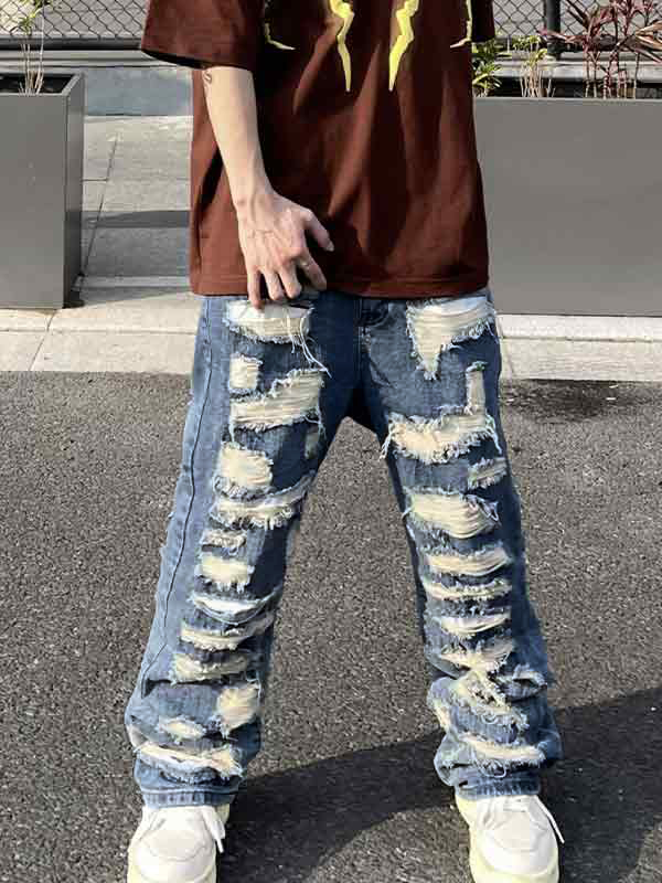 Lockere Herrenjeans im Multi-Tattered-Design
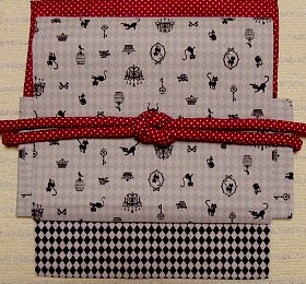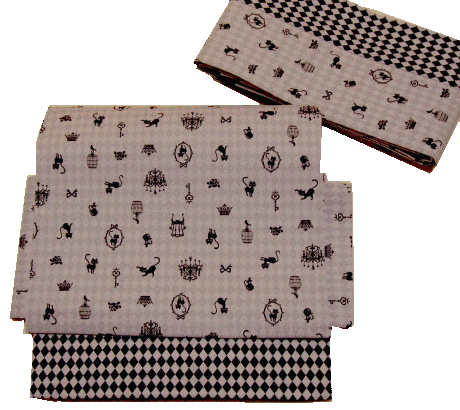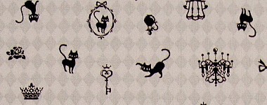 柄のアップ。 猫のほかに、鍵とか王冠とかシャンデリアとか小鳥とか、います。 うっすら透けているダイヤ柄はこの生地自体の裏柄。両面に柄のある生地なんです。
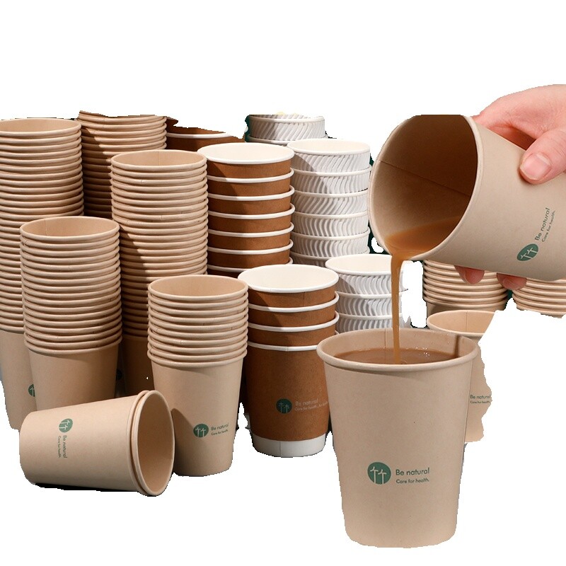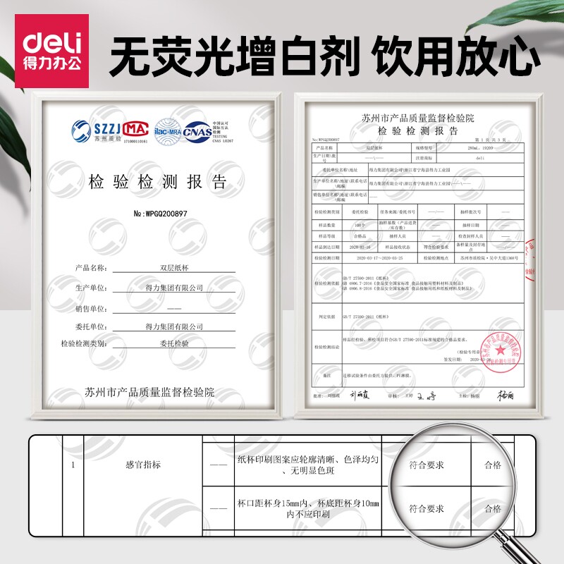 得力一次性杯子纸杯家用水杯加厚茶杯商用大号防烫竹纤维办公室杯
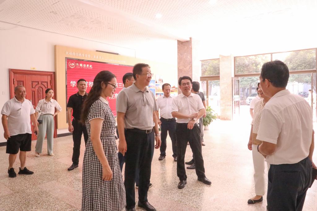 92日上午,校党委书记付宏渊、副校长钱国平、张军辉,在党政办、保卫处、后勤中心等相关部门负责人的陪同下,莅临外国语学院检查、指导新学期开学准备工作。
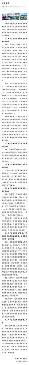 2月13日,山东青岛即墨区联合调查组发布情况通报,称反映江秋莲求助捐款涉嫌诈骗与事实不符。同时,调查组还对江秋莲名下关联企业及涉税问题、使用POS机代刷套现问题、获得王家官庄村回迁房问题、侵占“五保户”宅基地及隐瞒另育有一子等问题进行了调查,均未发现问题。此外,调查组还对王某杰为职业放贷人问题进行了调查,发现网传图片系原告上诉的陈述内容,不是法院查明确认的事实。

========================

▶ **Exercise brief**
Every record above, copied exactly and without a single picture, makes up the answer.

▶ **Result of this task**
 Lockere Herrenjeans im Multi-Tattered-Design
 柄のアップ。 猫のほかに、鍵とか王冠とかシャンデリアとか小鳥とか、います。 うっすら透けているダイヤ柄はこの生地自体の裏柄。両面に柄のある生地なんです。
 得力一次性杯子纸杯家用水杯加厚茶杯商用大号防烫竹纤维办公室杯
 92日上午,校党委书记付宏渊、副校长钱国平、张军辉,在党政办、保卫处、后勤中心等相关部门负责人的陪同下,莅临外国语学院检查、指导新学期开学准备工作。
 2月13日,山东青岛即墨区联合调查组发布情况通报,称反映江秋莲求助捐款涉嫌诈骗与事实不符。同时,调查组还对江秋莲名下关联企业及涉税问题、使用POS机代刷套现问题、获得王家官庄村回迁房问题、侵占“五保户”宅基地及隐瞒另育有一子等问题进行了调查,均未发现问题。此外,调查组还对王某杰为职业放贷人问题进行了调查,发现网传图片系原告上诉的陈述内容,不是法院查明确认的事实。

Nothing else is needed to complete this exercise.